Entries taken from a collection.
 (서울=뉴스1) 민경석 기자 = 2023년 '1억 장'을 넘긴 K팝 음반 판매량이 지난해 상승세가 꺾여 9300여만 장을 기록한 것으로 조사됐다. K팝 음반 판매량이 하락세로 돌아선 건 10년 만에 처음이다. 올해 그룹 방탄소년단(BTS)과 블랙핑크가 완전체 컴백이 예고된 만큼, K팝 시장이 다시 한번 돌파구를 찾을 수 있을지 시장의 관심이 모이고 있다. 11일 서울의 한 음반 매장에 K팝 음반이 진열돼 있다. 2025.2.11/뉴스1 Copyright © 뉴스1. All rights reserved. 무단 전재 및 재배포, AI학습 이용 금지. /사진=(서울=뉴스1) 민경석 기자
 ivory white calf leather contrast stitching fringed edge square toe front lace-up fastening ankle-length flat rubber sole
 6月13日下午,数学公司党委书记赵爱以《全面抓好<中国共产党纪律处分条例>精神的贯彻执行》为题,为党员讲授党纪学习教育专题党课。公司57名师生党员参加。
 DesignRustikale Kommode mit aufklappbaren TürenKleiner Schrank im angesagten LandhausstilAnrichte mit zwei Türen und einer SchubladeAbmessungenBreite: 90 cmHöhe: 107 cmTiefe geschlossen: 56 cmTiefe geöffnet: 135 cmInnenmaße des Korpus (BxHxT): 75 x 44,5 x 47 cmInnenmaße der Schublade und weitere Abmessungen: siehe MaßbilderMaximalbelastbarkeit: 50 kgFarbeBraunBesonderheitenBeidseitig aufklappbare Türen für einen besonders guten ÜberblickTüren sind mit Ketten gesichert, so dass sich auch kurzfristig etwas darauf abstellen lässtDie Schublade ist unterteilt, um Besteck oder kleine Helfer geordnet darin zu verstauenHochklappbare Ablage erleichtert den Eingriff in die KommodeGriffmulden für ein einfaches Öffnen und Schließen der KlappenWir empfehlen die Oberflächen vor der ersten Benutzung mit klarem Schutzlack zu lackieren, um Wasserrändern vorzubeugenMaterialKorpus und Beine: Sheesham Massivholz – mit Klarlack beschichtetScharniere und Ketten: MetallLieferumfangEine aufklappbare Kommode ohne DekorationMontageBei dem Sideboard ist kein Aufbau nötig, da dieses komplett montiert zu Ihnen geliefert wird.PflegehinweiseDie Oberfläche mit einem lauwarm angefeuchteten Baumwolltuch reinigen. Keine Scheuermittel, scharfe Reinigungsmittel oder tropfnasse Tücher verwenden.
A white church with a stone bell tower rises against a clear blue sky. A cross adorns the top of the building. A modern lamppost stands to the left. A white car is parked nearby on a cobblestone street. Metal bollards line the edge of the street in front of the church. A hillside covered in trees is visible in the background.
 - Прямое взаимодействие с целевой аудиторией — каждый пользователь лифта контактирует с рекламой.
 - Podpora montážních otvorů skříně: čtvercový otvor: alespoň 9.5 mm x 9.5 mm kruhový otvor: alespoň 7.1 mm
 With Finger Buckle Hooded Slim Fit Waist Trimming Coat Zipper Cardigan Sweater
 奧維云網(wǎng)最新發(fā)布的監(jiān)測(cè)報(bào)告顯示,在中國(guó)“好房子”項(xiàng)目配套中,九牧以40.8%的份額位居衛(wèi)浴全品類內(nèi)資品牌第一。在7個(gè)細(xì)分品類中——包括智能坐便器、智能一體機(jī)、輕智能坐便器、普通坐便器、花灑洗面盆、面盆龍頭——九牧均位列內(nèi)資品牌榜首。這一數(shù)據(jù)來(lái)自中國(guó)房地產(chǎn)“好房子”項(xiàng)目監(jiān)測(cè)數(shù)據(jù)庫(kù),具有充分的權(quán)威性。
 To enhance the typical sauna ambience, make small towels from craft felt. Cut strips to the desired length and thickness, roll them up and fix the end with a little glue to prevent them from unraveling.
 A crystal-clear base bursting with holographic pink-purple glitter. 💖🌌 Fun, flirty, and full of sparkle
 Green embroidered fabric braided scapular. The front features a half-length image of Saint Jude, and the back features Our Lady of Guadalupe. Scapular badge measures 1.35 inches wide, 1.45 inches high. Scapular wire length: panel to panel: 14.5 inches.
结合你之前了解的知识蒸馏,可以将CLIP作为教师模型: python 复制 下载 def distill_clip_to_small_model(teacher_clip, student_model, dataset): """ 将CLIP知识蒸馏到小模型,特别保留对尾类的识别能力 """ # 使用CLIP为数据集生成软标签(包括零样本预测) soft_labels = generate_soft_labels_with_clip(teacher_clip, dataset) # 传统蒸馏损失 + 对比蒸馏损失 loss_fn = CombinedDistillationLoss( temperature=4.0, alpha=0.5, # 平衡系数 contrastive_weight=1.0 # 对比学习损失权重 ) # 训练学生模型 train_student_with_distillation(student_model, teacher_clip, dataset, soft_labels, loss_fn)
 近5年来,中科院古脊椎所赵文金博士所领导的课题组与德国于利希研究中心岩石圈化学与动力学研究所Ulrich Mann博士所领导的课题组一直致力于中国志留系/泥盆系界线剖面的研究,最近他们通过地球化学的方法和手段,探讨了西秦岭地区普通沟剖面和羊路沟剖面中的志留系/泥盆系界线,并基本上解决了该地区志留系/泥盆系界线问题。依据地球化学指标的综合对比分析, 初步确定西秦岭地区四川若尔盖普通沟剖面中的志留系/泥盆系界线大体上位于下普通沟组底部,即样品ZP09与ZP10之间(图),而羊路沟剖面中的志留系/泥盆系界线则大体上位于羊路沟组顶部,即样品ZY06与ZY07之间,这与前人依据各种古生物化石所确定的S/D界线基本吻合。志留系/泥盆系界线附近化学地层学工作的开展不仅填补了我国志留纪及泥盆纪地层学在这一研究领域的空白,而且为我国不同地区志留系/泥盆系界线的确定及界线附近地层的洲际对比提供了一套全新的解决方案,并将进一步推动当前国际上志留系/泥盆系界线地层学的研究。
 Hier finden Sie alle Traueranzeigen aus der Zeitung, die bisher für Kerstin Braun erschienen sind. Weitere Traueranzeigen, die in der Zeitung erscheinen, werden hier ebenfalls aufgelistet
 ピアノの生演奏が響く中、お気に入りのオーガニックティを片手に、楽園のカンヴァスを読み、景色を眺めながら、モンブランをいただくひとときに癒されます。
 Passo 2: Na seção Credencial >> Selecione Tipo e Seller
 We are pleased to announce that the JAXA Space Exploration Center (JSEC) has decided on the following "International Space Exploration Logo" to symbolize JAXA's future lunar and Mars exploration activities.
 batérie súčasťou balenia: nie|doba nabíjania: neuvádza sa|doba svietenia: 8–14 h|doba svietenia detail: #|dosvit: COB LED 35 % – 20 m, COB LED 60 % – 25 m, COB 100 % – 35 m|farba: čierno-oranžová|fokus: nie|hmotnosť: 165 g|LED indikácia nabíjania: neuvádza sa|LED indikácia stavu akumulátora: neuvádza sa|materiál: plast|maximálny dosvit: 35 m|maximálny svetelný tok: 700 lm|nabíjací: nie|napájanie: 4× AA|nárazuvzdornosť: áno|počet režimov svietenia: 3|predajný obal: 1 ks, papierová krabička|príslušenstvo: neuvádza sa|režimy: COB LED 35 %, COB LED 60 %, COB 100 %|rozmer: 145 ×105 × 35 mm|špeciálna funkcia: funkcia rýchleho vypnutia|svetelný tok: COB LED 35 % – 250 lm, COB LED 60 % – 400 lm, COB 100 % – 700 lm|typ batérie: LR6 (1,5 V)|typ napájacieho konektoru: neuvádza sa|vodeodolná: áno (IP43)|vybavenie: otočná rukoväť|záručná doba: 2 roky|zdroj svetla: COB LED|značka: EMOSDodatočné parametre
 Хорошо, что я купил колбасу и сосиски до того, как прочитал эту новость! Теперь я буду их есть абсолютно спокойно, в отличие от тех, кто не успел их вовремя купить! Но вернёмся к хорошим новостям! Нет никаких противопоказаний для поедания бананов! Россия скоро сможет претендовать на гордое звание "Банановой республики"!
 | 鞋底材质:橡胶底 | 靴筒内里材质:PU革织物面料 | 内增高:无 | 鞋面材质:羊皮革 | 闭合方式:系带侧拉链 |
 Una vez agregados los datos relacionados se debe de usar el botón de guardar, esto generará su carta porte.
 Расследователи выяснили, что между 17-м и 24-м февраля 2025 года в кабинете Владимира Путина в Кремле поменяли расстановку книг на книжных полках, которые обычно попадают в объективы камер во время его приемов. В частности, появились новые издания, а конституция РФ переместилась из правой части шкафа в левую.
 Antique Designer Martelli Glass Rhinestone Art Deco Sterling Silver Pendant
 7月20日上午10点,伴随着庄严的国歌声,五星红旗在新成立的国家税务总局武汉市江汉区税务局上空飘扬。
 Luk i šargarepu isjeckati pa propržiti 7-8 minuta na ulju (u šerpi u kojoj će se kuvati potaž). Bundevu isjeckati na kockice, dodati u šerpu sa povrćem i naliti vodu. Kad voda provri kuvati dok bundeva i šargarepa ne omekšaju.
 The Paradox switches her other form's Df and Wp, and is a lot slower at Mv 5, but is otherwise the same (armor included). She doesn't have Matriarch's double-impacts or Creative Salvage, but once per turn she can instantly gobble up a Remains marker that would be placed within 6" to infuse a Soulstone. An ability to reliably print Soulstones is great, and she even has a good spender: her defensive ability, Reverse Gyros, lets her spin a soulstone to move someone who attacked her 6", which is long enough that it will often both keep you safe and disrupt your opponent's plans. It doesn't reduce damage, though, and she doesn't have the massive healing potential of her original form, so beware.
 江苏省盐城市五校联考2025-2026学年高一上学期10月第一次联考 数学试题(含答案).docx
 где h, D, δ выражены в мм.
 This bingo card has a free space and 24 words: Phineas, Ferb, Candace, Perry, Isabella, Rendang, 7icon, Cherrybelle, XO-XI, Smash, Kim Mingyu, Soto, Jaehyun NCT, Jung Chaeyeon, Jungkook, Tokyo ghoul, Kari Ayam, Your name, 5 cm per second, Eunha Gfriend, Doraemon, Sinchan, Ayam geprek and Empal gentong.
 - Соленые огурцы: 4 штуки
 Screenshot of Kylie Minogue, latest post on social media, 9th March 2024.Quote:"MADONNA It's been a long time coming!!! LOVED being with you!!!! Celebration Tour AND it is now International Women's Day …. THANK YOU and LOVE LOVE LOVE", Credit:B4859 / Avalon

Try it.
Would you return, unchanged, the lines from the one containing "江苏省盐城市五校联考2025" through the end of the entries?

Response below.
 江苏省盐城市五校联考2025-2026学年高一上学期10月第一次联考 数学试题(含答案).docx
 где h, D, δ выражены в мм.
 This bingo card has a free space and 24 words: Phineas, Ferb, Candace, Perry, Isabella, Rendang, 7icon, Cherrybelle, XO-XI, Smash, Kim Mingyu, Soto, Jaehyun NCT, Jung Chaeyeon, Jungkook, Tokyo ghoul, Kari Ayam, Your name, 5 cm per second, Eunha Gfriend, Doraemon, Sinchan, Ayam geprek and Empal gentong.
 - Соленые огурцы: 4 штуки
 Screenshot of Kylie Minogue, latest post on social media, 9th March 2024.Quote:"MADONNA It's been a long time coming!!! LOVED being with you!!!! Celebration Tour AND it is now International Women's Day …. THANK YOU and LOVE LOVE LOVE", Credit:B4859 / Avalon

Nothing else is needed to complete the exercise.